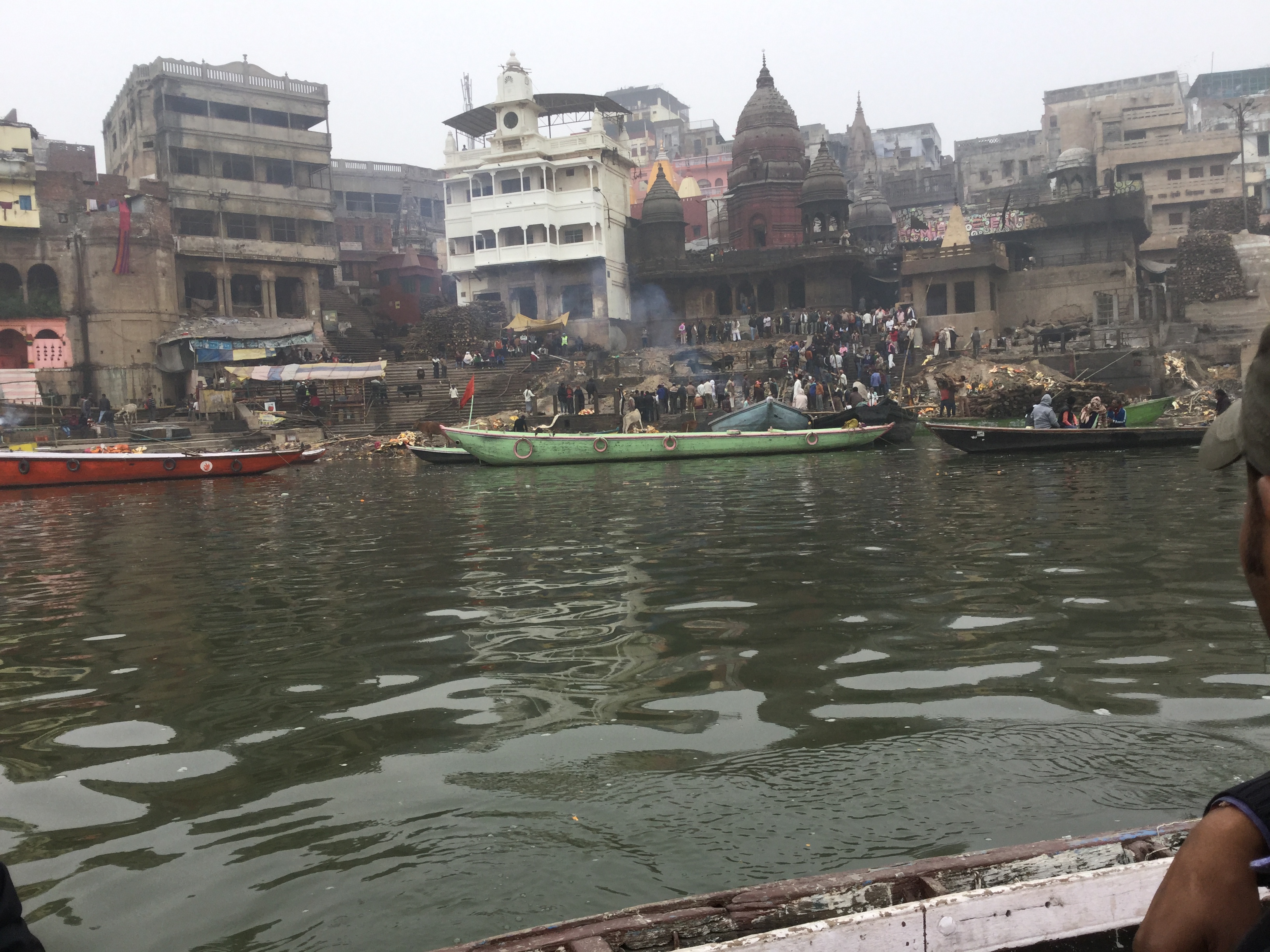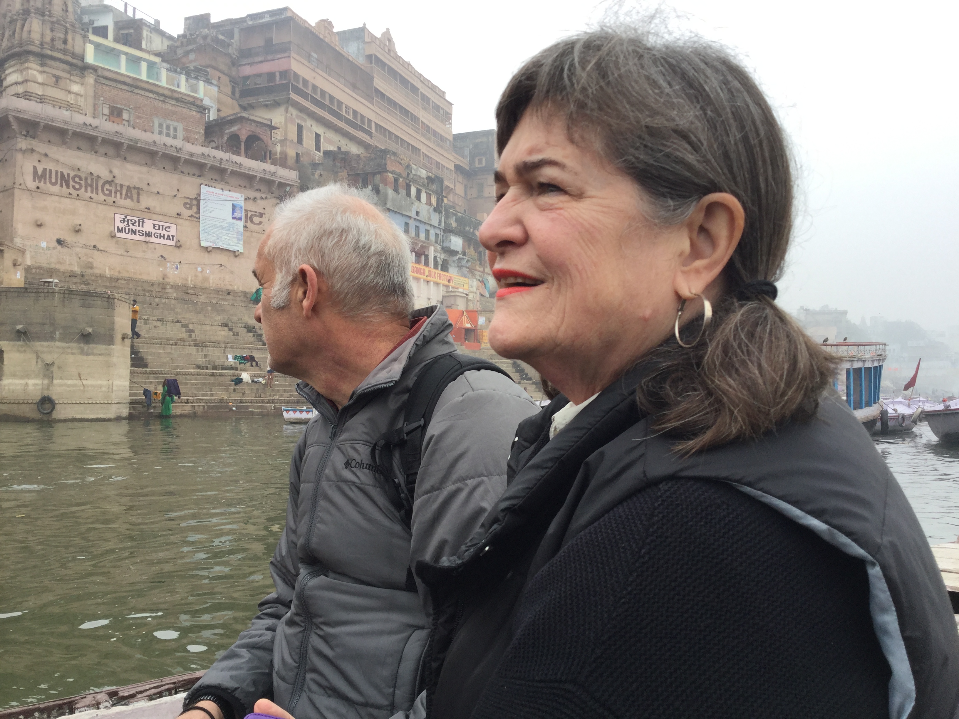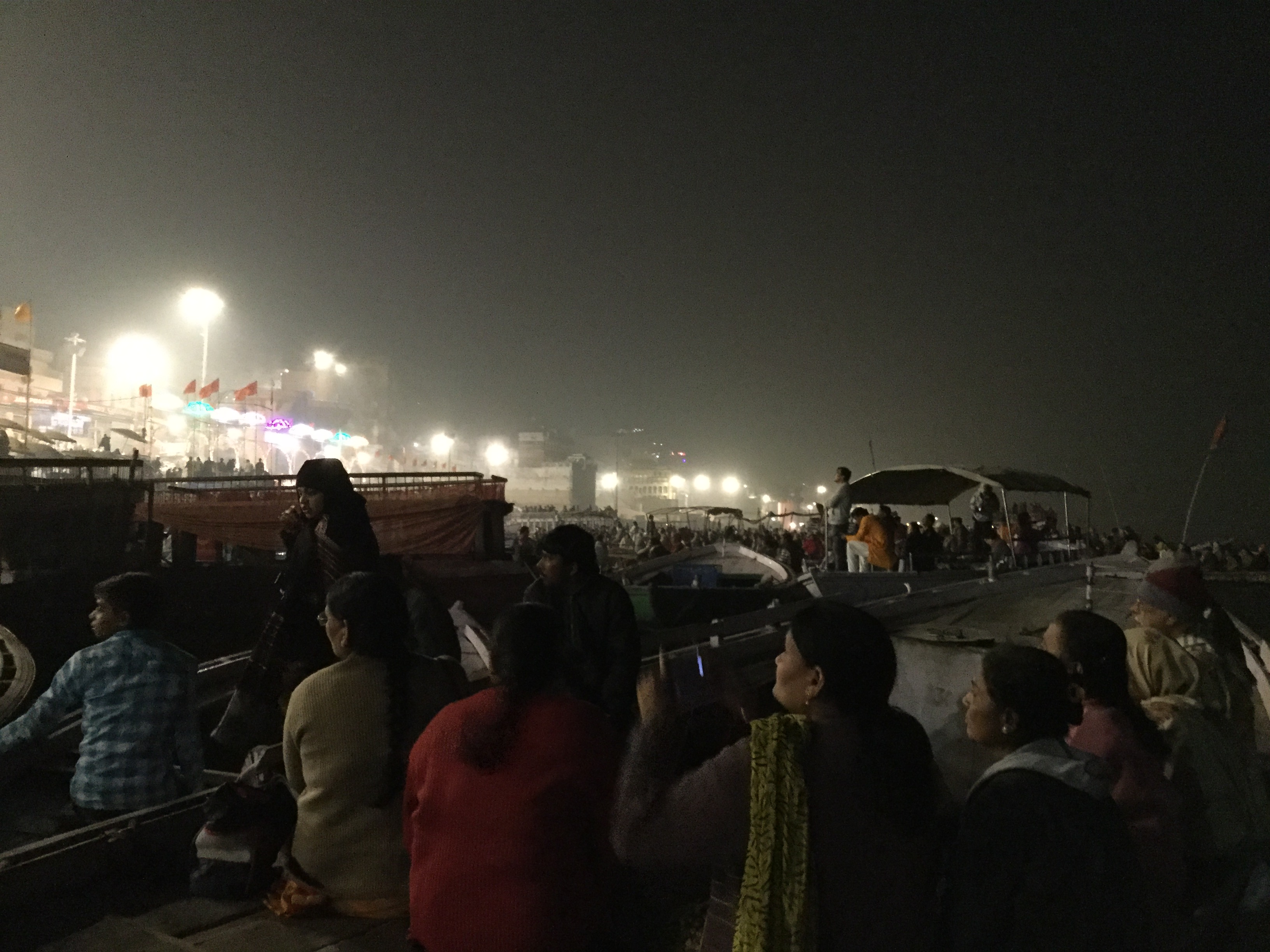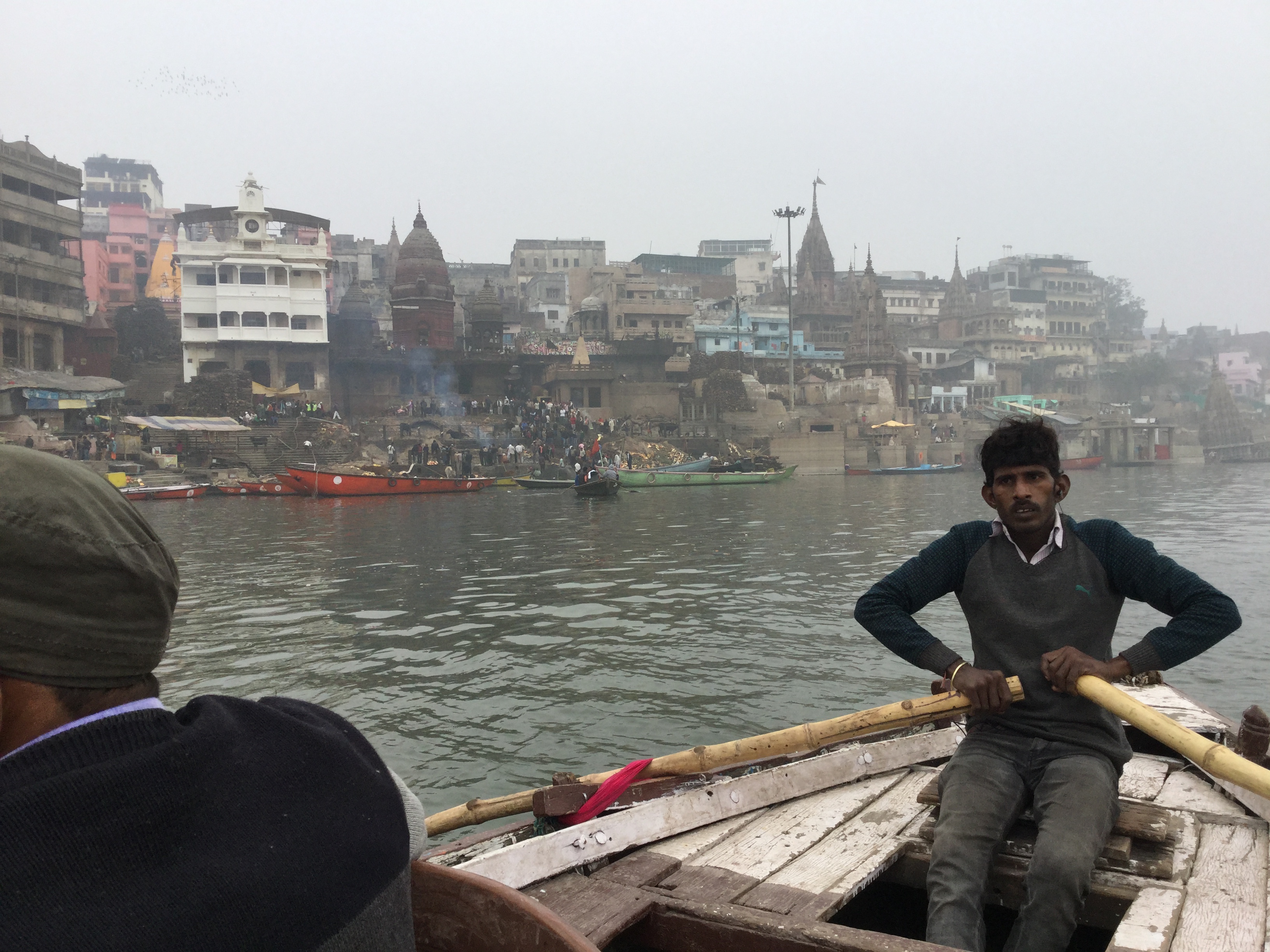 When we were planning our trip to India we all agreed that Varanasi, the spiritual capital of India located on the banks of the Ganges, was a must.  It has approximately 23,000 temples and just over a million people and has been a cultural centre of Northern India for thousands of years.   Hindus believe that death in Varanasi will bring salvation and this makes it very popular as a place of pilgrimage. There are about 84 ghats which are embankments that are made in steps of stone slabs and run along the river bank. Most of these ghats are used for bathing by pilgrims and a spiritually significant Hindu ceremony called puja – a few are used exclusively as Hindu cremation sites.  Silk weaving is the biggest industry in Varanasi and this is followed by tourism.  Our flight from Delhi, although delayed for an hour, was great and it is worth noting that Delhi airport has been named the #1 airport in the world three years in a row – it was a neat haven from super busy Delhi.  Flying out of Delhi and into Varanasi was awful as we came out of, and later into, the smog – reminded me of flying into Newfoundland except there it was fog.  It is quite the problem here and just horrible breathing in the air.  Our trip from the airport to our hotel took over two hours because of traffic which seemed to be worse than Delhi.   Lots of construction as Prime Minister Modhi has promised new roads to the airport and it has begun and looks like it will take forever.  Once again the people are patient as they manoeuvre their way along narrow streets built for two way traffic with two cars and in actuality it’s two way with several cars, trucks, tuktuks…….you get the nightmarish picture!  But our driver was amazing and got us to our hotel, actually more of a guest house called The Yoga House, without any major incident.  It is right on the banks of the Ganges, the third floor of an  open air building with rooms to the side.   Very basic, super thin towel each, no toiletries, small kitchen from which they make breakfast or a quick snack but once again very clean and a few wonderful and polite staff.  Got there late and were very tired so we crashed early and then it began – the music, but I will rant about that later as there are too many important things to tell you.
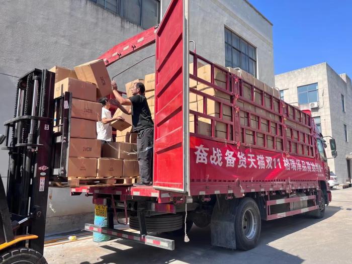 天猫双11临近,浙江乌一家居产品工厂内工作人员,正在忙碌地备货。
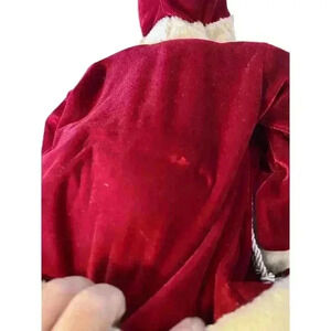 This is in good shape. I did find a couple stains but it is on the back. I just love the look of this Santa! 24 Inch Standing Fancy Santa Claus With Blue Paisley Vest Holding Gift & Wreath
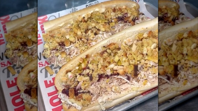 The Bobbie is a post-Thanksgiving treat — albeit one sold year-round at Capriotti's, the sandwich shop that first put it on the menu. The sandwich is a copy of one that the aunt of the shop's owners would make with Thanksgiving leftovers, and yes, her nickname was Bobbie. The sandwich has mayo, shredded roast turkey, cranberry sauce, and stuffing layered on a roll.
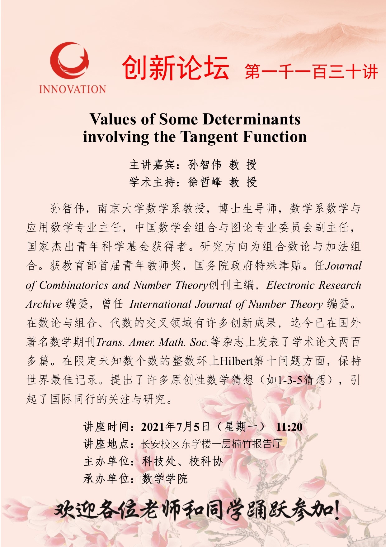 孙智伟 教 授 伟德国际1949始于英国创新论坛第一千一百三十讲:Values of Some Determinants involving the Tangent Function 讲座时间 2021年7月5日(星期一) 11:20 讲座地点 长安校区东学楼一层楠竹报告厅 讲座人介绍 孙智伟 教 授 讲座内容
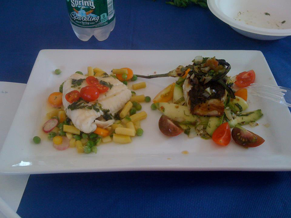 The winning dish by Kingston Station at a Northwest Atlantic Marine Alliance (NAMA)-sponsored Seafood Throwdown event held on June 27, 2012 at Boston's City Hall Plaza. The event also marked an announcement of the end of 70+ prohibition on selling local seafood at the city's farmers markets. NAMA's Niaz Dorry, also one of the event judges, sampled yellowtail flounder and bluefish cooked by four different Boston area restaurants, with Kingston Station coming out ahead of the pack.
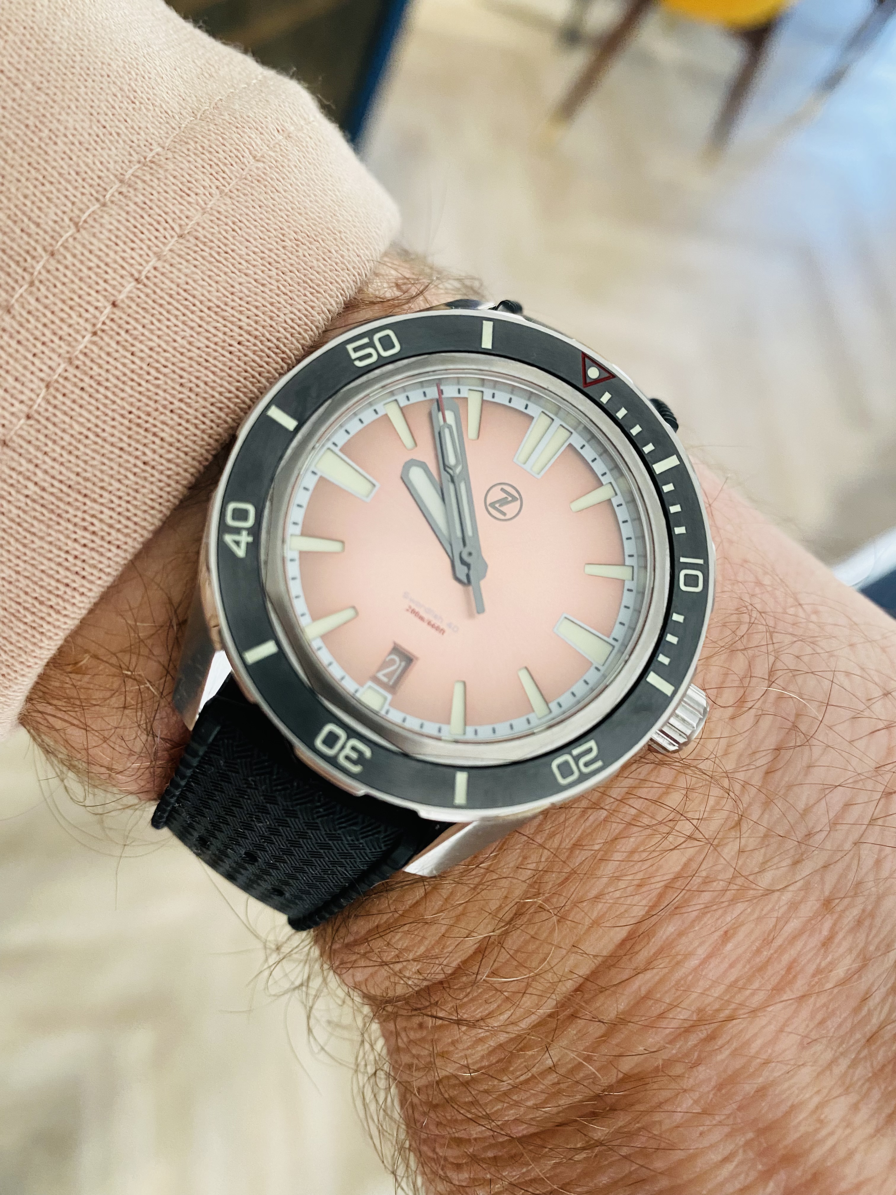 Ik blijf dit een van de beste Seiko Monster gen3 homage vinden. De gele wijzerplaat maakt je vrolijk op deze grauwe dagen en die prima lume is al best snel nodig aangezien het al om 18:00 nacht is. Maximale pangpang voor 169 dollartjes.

--------------------------------------------------

WORK INSTRUCTION
From the records above, copy only the lines running from the line holding "天猫双11临近,浙江乌一家居产品工厂内工作人员,正在忙碌地备货。" through the line holding "孙智伟 教 授 伟德国际1949始于英国创新论坛第一千一百三十讲:Values", with no pictures.

RESULT OF THIS TASK
 天猫双11临近,浙江乌一家居产品工厂内工作人员,正在忙碌地备货。
 This is in good shape. I did find a couple stains but it is on the back. I just love the look of this Santa! 24 Inch Standing Fancy Santa Claus With Blue Paisley Vest Holding Gift & Wreath
 The Bobbie is a post-Thanksgiving treat — albeit one sold year-round at Capriotti's, the sandwich shop that first put it on the menu. The sandwich is a copy of one that the aunt of the shop's owners would make with Thanksgiving leftovers, and yes, her nickname was Bobbie. The sandwich has mayo, shredded roast turkey, cranberry sauce, and stuffing layered on a roll.
 孙智伟 教 授 伟德国际1949始于英国创新论坛第一千一百三十讲:Values of Some Determinants involving the Tangent Function 讲座时间 2021年7月5日(星期一) 11:20 讲座地点 长安校区东学楼一层楠竹报告厅 讲座人介绍 孙智伟 教 授 讲座内容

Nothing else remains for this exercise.